Those of you who know me, know that I love my cat Rory. Without Rory, I surely would have gone crazy working from home while Anna was finishing up grad school, and during the week I still spend more of my waking time with him than with Anna.
Before, I had scoffed (literally, at times) at the concern other people showed for their pets. But now, cuddling and playing with him, taking care of him and watching him grow from a tiny kitty to a larger kitty, I understand. He is my friend, as much as an irrational animal can be called that.
And I wonder whether he is so irrational after all. I wonder whether animals have souls: After all, since we do not believe that human consciousness is confined to the physical phenomena, there is no reason to make that move with animal consciousness. And I wonder what will happen to Rory. I wonder what will happen to this mischievous cat, full of personality, who loves to look through windows, who will seek me out for nap time, whose eyes seem to laugh during play time. I wonder what will happen to my friend when the consequence of human failure and sin catches up to him.
But that is not really what this post is about. Because during Thanksgiving weekend we lost him, and we almost Lost him.
We have to keep him at my parents' house when we visit Shafter for more than a day or two. Anna's parents own a dog, who would almost certainly kill Rory out of mere curiosity. However, my parents' house is full of people coming and going, and all it took was one door opened for a half-second too long, one window left open by accident, and Rory was gone.
We don't even know when he left. All we know is that we left him napping under a spare bed, before we went to spend the night at Anna's parents'...and when we returned to the house at lunchtime the next day, he was gone and no one could remember seeing him that day at all.
We live in the country. We own an acre or two of garden, which houses 3 dogs, 2 puppies, and several cats of varying degrees of domestication, all of which absolutely terrify Rory. And the house is surrounded by almond orchards for miles around on every side.

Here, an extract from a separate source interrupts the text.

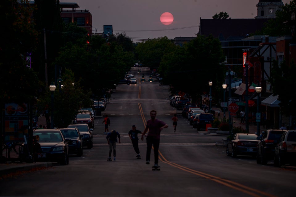 Στην απέναντι ακτή, οι συνθήκες ποιότητας του αέρα είναι οι χειρότερες που έχουν καταγραφεί. Ο καπνός έκλεισε την Γέφυρα της Χρυσής Πύλης και οδηγήθηκε από το Πόρτλαντ στο Σιάτλ δημιουργώντας πρωτοφανή ομίχλη, την ώρα που οι πυροσβέστες και οι εθελοντές δίνουν τη δική τους μάχη για να περιορίσουν τις φλόγες.

As soon as he left the house, whenever that was, he would have smelled the dogs and cats. And it would have been mere seconds before one of them approached him, drowning him in terror. We don't know when that happened, or the exact circumstances.
We just know that he ran, and we could not find him for over an hour. I prayed constantly, that God would protect Rory and return him to us. My parents prayed with us, as did my friend Monica, recalling the time of Noah and God's call to the animals, and asking him to do the same with Rory.
Then, as the last thing we felt we could do, Anna and I walked to the nearest cross street, about a quarter of a mile away. We passed our dogs, barking from the pen we'd placed them in. We passed two obnoxiously vicious dogs behind a fence, who followed us as much as they could, barking the entire time. We looked ahead to the next house, also guarded by a barking dog (this one without any kind of restraint at all). And I wondered what had become of Rory, surrounded by so many barking, teeth-filled, scary-smelling monstrosities.
We reached the cross street, and we looked down the road, and there was no roadkill, no bodies on the side of the road as far was we could see. And we slowly turned and began to head back to the house.
I continued to pray as we walked. Ahead of us was the home of the two obnoxious dogs, and I was about to suggest to Anna that we cross to the other side of the street to avoid them. Before I could say anything, however, I heard something. Half a meow. A sound barely indistinguishable from the background.
I stopped, and Anna did too. "What?" She asked.
"I heard something. A meow."
"Are you sure it wasn't a bird?"
I don't know if I answered. I walked into the orchard, scanning the trees, stepping softly. One row in. Two rows in. And--
Meow.
Unmistakable. Anna heard it too, and we continued. And then--
MEOW.
There he was. Sweet, merciful God in heaven, there he was: Seven feet up, in a three-way fork in the tree, looking the saddest and most frightened we had ever seen him.
We got him down. We took him back to the house, and put him in a separate building where he wouldn't be let out by mistake. And even though it's been a few days, I still look at him and marvel at the evidence of God's grace.
How many hundreds of trees in that orchard? How many thousands of trees within just a half-mile of our house? How many thousands more beyond the road? And he was in one of the few where we would be able to hear him. He meowed at exactly the right time: A moment earlier or later and we would have missed it, and he would never have found his way back. He would never have gathered the nerve to brave the dogs again, to go past them and endure their barking.
If he had crossed the road, or gone in the other direction, or chosen one of the other hundreds of trees, we would even now would be anxiously hoping for news that would never come. Rory would have died out there, sad and alone. But he didn't, because the Creator of the universe and everything in it chose to hear our prayers and return my friend to me.